THE EYES OF TAMMY FAYE
Starring: Jessica Chastain, Andrew Garfield, Vincent D’Onofrio, Cherry Jones, Mark Wystrach, Sam Jaeger, and Louis Cancelmi
Director: Michael Showalter
The Eyes of Tammy Faye was a very welcome surprise for me. Having not known too much about Tammy Faye and Jim Bakker, it provides not just a fascinating look at the rise and fall of their empire, but a humanizing portrayal of Tammy herself. Jessica Chastain has never been better, as she gives an unrecognizable and extremely emotional performance through some truly remarkable makeup and prosthetics. The story is told in an appropriately entertaining way that's both funny and moving, teetering the line of satire, and it's a fascinating film that I truly recommend.
While not one of Michael Showalter's more balanced efforts, The Eyes of Tammy Faye remains yet another show of unspoken skill for the director. Apart from Jessica Chastain’s remarkable performance in the titular role, the quiet strength of the film is that it never becomes outright cynical despite remaining factual to the nature of its subject. The film invites one to know who Tammy Bakker was, regardless of how involved she may have been in the Bakkers' crimes. It's a bit long and feels slightly unfocused, but the heart is there, which Chastain carries to the end.

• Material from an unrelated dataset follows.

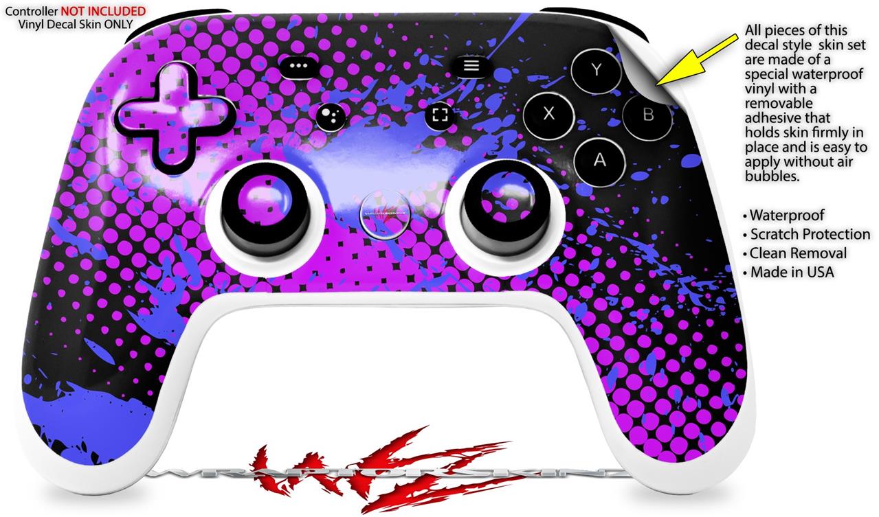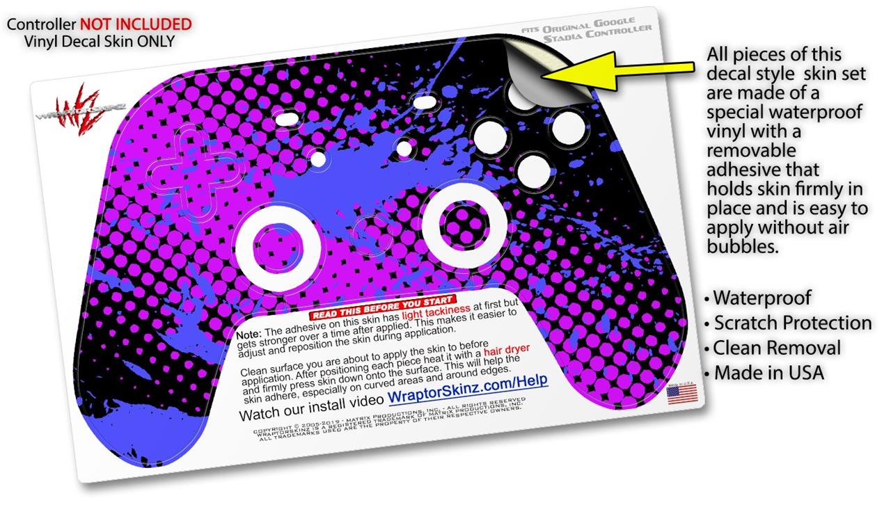 Skin Decal Wrap works with Original Google Stadia Controller Halftone Splatter Blue Hot Pink Skin Only CONTROLLER NOT INCLUDED
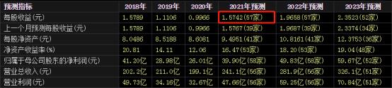 ①市盈率:目前它的股价为47.6元,预测2021年全年每股收益为1.5742元,市盈率=47.6元 / 1.5742元=约30.24。在20~30为正常,很显然,当前股价稍微高了点,可是最好的评判方式是还要看其公司的规模和覆盖率。

While I can appreciate the effort that went into making The Eyes of Tammy Faye, especially Jessica Chastain’s transformative and award-worthy performance, I had a really tough time connecting with this movie. Maybe I have preconceived (and incorrect?) notions about who the Bakkers (Andrew Garfield and Chastain) were that are impossible to overcome, but this movie wants the viewer to feel undeserved sympathy for these religious fraudsters. Frankly, that’s a hard sell for me. It’s not easy to get invested in a movie when you don’t believe its message.